Human depth perception uses stereo out to only about 2 or 3 meters, after which the distance between your eyes is not a useful baseline. Beyond 3m we use context clues and depth from motion when available.

  • Thanks, saved some work.

    And I'll add that it in practice it is not even that much unless you're doing some serious training, like a professional athlete. For most tasks, the accurate depth perception from this fades around the length of the arms.

(Always worth noting, human depth perception is not just based on stereoscopic vision, but also with focal distance, which is why so many people get simulator sickness from stereoscopic 3d VR)

  • > Always worth noting, human depth perception is not just based on stereoscopic vision, but also with focal distance

    Also subtle head and eye movements, which is something a lot of people like to ignore when discussing camera-based autonomy. Your eyes are always moving around which changes the perspective and gives a much better view of depth as we observe parallax effects. If you need a better view in a given direction you can turn or move your head. Fixed cameras mounted to a car's windshield can't do either of those things, so you need many more of them at higher resolutions to even come close to the amount of data the human eye can gather.

    • Easiest example I always give of this is pulling out of the alley behind my house: there is a large bush that occludes my view left to oncoming traffic, badly. I do what every human does:

      1. Crane my neck forward, see if I can see around it.

      2. Inch forward a bit more, keep craning my neck.

      3. Recognize, no, I'm still occluded.

      4. Count on the heuristic analysis of the light filtering through the bush and determine if the change in light is likely movement associated with an oncoming car.

      My Tesla's perpendicular camera is... mounted behind my head on the B-pillar... fixed... and sure as hell can't read the tea leaves, so to speak, to determine if that slight shadow change increases the likelihood that a car is about to hit us.

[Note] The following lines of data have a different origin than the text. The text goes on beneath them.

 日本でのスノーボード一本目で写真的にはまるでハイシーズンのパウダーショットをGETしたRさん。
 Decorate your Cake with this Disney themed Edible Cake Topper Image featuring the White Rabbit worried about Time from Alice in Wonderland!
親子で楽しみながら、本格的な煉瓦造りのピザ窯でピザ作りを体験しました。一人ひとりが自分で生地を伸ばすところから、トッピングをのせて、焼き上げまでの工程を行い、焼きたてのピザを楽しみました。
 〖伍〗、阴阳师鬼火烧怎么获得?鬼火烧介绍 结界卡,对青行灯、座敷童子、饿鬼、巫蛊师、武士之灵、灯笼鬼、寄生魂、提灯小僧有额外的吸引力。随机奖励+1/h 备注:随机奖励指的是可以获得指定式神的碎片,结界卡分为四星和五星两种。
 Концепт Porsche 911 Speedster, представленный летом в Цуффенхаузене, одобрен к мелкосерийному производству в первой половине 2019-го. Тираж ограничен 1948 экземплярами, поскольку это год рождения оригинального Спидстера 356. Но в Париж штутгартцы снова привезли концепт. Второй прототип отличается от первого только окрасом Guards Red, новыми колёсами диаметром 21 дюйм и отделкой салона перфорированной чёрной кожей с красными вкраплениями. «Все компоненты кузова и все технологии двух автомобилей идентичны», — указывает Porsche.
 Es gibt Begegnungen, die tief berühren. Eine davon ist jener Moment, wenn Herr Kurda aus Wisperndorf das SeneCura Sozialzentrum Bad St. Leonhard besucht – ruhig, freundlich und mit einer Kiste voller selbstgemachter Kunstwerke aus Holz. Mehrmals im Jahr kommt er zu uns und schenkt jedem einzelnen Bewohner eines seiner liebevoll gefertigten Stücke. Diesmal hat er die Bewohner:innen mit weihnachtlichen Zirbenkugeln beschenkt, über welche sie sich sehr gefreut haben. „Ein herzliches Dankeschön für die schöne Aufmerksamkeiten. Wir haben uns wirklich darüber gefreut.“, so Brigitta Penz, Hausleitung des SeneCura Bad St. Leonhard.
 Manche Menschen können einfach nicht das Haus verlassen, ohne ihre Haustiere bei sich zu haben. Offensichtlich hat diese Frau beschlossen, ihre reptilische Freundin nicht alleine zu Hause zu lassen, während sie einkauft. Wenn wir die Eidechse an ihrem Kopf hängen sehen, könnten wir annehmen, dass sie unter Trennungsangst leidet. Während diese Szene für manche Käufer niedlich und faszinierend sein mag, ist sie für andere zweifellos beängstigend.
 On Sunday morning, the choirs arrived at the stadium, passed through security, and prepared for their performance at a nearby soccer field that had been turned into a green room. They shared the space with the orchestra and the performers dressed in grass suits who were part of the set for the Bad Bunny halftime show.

      I honestly don't trust it to pull out of the alley. I don't know how I can. I'd basically have to be nose-into-right-lane for it to be far enough ahead to see conclusively.

      Waymo can beam the LIDAR above and around the bush, owing to its height and the distance it can receive from, and its camera coverage to the perpendicular is far better. Vision only misses so many weird edge cases, and I hate that Elon just keeps saying "well, humans have only TWO cameras and THEY drive fine every day! h'yuck!"

  • In fact there are even more depth perception clues. Maybe the most obvious is size (retinal versus assumed real world size). Further examples include motion parallax, linear perspective, occlusion, shadows, and light gradients

    Here is a study on how these effects rank when it’s comes to (hand) reaching tasks in VR: https://pubmed.ncbi.nlm.nih.gov/29293512/

  • Actually the reason people experience vection in VR is not focal depth but the dissonance between what their eyes are telling them and what their inner ear and tactile senses are telling them.

    It's possible they get headaches from the focal length issues but that's different.

  • I keep wondering about the focal depth problem. It feels potentially solvable, but I have no idea how. I keep wondering if it could be as simple as a Magic Eye Autostereogram sort of thing, but I don't think that's it.

    There have been a few attempts at solving this, but I assume that for some optical reason actual lenses need to be adjusted and it can't just be a change in the image? Meta had "Varifocal HMDs" being shown off for a bit, which I think literally moved the screen back and forth. There were a couple of "Multifocal" attempts with multiple stacked displays, but that seemed crazy. Computer Generated Holography sounded very promising, but I don't know if a good one has ever been built. A startup called Creal claimed to be able to use "digital light fields", which basically project stuff right onto the retina, which sounds kinda hogwashy to me but maybe it works?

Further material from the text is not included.